Task objective =>
Exact copy, no pictures: output each line below as it stands.

Records =>
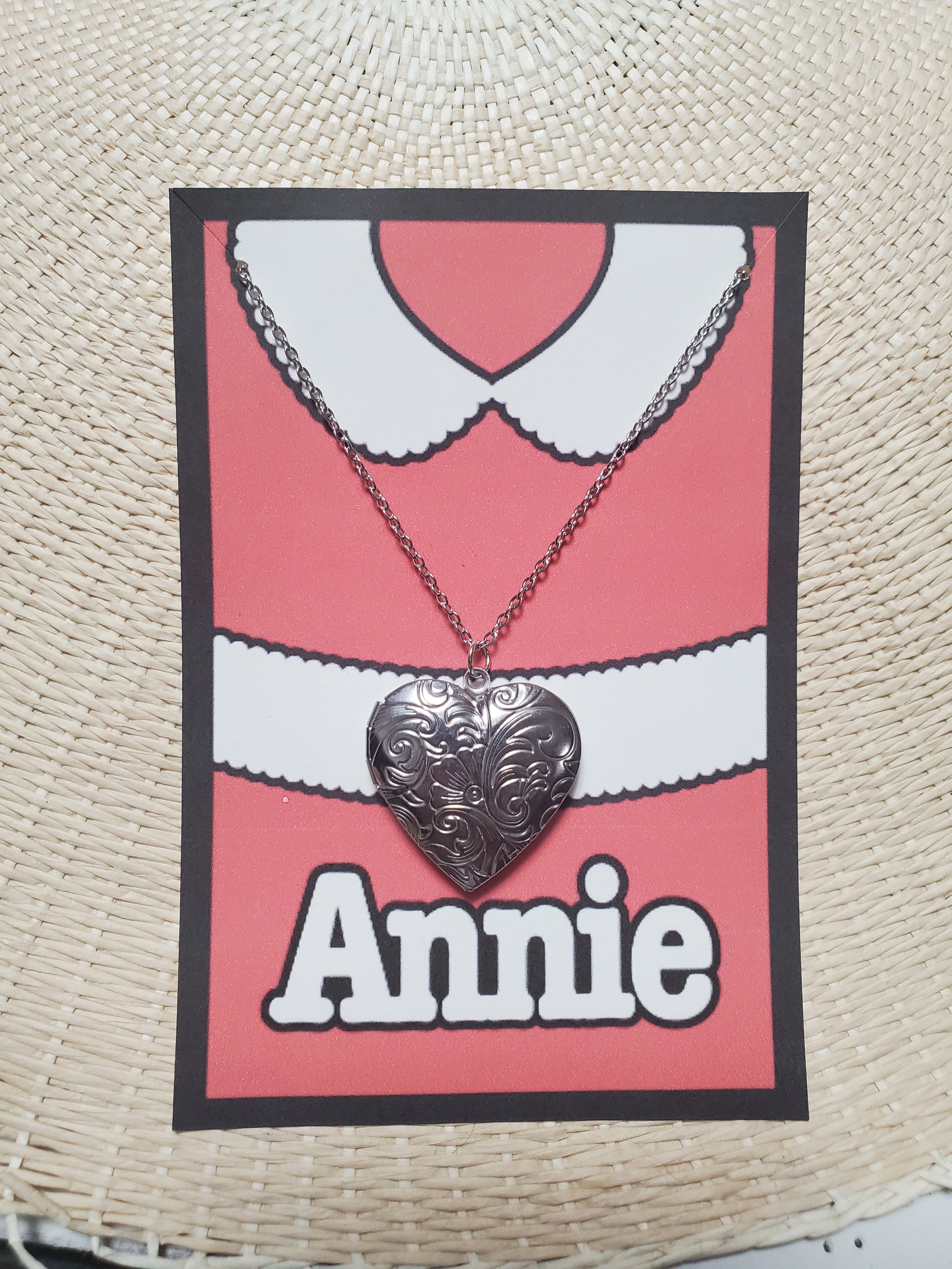 Diese 16 Zoll lange silberne Metallkette mit Herzmedaillon ist ein schönes Andenken an ANNIE! Dieser Artikel ist das perfekte Geschenk für Ihre Besetzung, für Künstler am Bühneneingang oder als einzigartiges Andenken an die Premiere oder die Abschlussvorstellung. Er ist verpackt und bereit zum Verschenken oder Ausstellen.
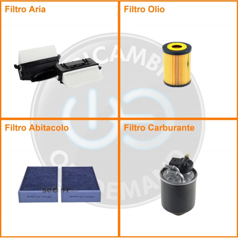| Composizione | Filtro gasolio, Filtro olio, Filtro abitacolo ai carboni attivi, Filtro aria |
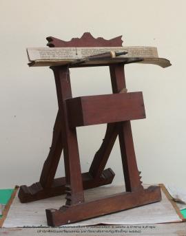 ค้างธรรม ทำด้วยไม้ ใช้สำหรับวางคัมภีร์ใบลานและจัดเก็บอุปกรณ์
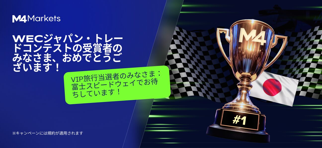 WEC ジャパントレーディングコンテストに多数ご参加いただき、ありがとうございました。数週間にわたるの熱い戦いの末、当選者が決定いたしました!数多くのトレーダーの中から見事選ばれた方には、月間コンテストのグランドプライズが贈られます。
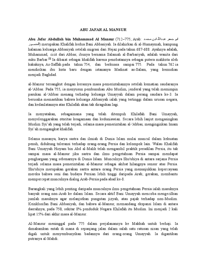 For more information and source see on this link. Abu Jafar Abdullah bin Muhammad Al Mansur 714775. Ia dilahirkan di al-Humaymah kampung halaman kelurga abbasiyah setelah bermigrasi dari Hijaz pada tahun 687-688.
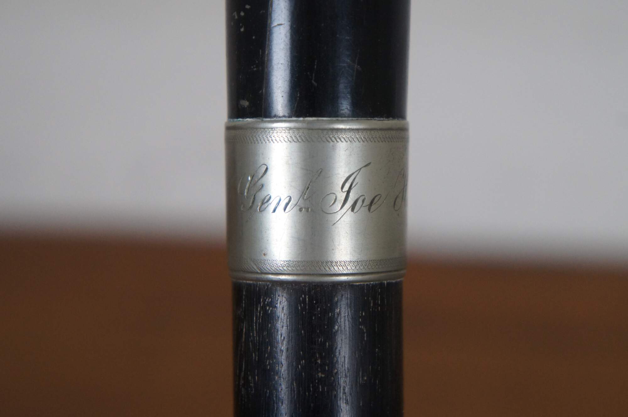 Very rare antique 18th Century wood walking stick, staff or cane once owned by General Joe Hooker. Engraved silver band reads Gen. Joe Hooker.
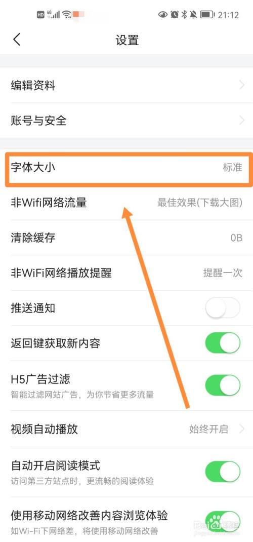 进入【字体巨细】界面,拖动最下面的滑块,调解字体至合适巨细,
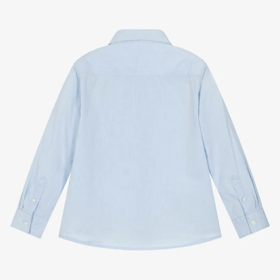 Smart blue shirt for boys by Mayoral, made in soft and lightweight cotton. Slim-fitting, it has a tonal pinstripe design and pearlescent button fastenings on the front and the cuffs. To accessorise the look with a timeless touch, it comes with a clip-fastening grey tie.
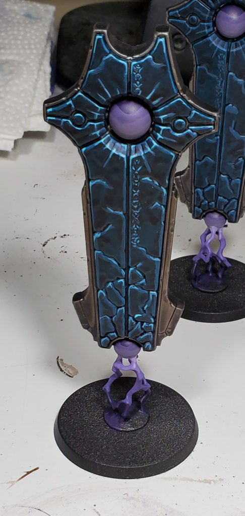 After washing those colours with wyldwood, terradon, coelia and basilicanum respectively I then base coated the purple with naggaroth, I usually do this to prevent any of the washes potentially getting on the purple and tinting it.
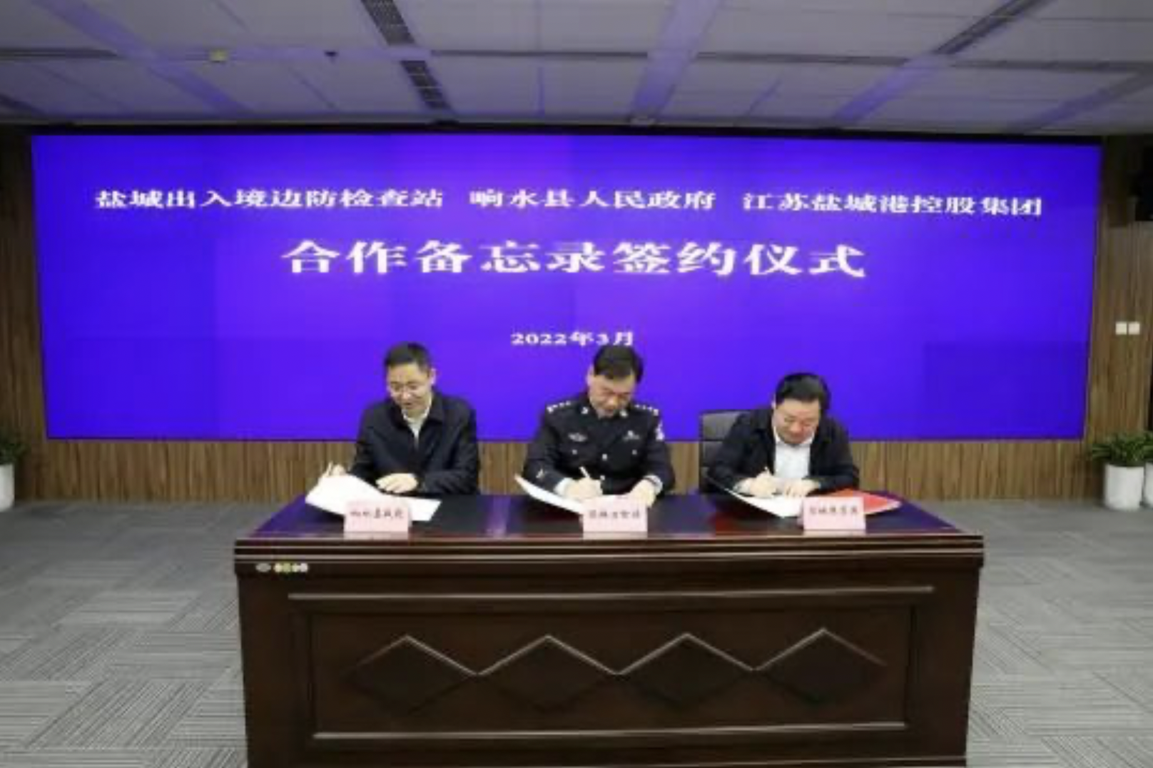 根據(jù)備忘錄要求,鹽城出入境邊防檢查站將按照國家對(duì)外開放口岸建設(shè)標(biāo)準(zhǔn),指導(dǎo)口岸邊檢查驗(yàn)配套設(shè)施建設(shè),共同做好響水港區(qū)、射陽港區(qū)迎接國家級(jí)對(duì)外開放驗(yàn)收各項(xiàng)工作,深化邊檢“放管服”改革,優(yōu)化口岸營商環(huán)境,提升服務(wù)效能和通關(guān)效率,為打造特色港口貢獻(xiàn)邊檢智慧和力量。同時(shí),積極發(fā)揮邊檢大數(shù)據(jù)在口岸安全、疫情防控、服務(wù)發(fā)展等方面的重要作用,為政府和企業(yè)及時(shí)提供口岸出入境數(shù)據(jù)分析,更好地服務(wù)地方外向型經(jīng)濟(jì)發(fā)展。

Result for this task =>
 Diese 16 Zoll lange silberne Metallkette mit Herzmedaillon ist ein schönes Andenken an ANNIE! Dieser Artikel ist das perfekte Geschenk für Ihre Besetzung, für Künstler am Bühneneingang oder als einzigartiges Andenken an die Premiere oder die Abschlussvorstellung. Er ist verpackt und bereit zum Verschenken oder Ausstellen.
| Composizione | Filtro gasolio, Filtro olio, Filtro abitacolo ai carboni attivi, Filtro aria |
 ค้างธรรม ทำด้วยไม้ ใช้สำหรับวางคัมภีร์ใบลานและจัดเก็บอุปกรณ์
 WEC ジャパントレーディングコンテストに多数ご参加いただき、ありがとうございました。数週間にわたるの熱い戦いの末、当選者が決定いたしました!数多くのトレーダーの中から見事選ばれた方には、月間コンテストのグランドプライズが贈られます。
 For more information and source see on this link. Abu Jafar Abdullah bin Muhammad Al Mansur 714775. Ia dilahirkan di al-Humaymah kampung halaman kelurga abbasiyah setelah bermigrasi dari Hijaz pada tahun 687-688.
 Very rare antique 18th Century wood walking stick, staff or cane once owned by General Joe Hooker. Engraved silver band reads Gen. Joe Hooker.
 进入【字体巨细】界面,拖动最下面的滑块,调解字体至合适巨细,
 Smart blue shirt for boys by Mayoral, made in soft and lightweight cotton. Slim-fitting, it has a tonal pinstripe design and pearlescent button fastenings on the front and the cuffs. To accessorise the look with a timeless touch, it comes with a clip-fastening grey tie.
 After washing those colours with wyldwood, terradon, coelia and basilicanum respectively I then base coated the purple with naggaroth, I usually do this to prevent any of the washes potentially getting on the purple and tinting it.
 根據(jù)備忘錄要求,鹽城出入境邊防檢查站將按照國家對(duì)外開放口岸建設(shè)標(biāo)準(zhǔn),指導(dǎo)口岸邊檢查驗(yàn)配套設(shè)施建設(shè),共同做好響水港區(qū)、射陽港區(qū)迎接國家級(jí)對(duì)外開放驗(yàn)收各項(xiàng)工作,深化邊檢“放管服”改革,優(yōu)化口岸營商環(huán)境,提升服務(wù)效能和通關(guān)效率,為打造特色港口貢獻(xiàn)邊檢智慧和力量。同時(shí),積極發(fā)揮邊檢大數(shù)據(jù)在口岸安全、疫情防控、服務(wù)發(fā)展等方面的重要作用,為政府和企業(yè)及時(shí)提供口岸出入境數(shù)據(jù)分析,更好地服務(wù)地方外向型經(jīng)濟(jì)發(fā)展。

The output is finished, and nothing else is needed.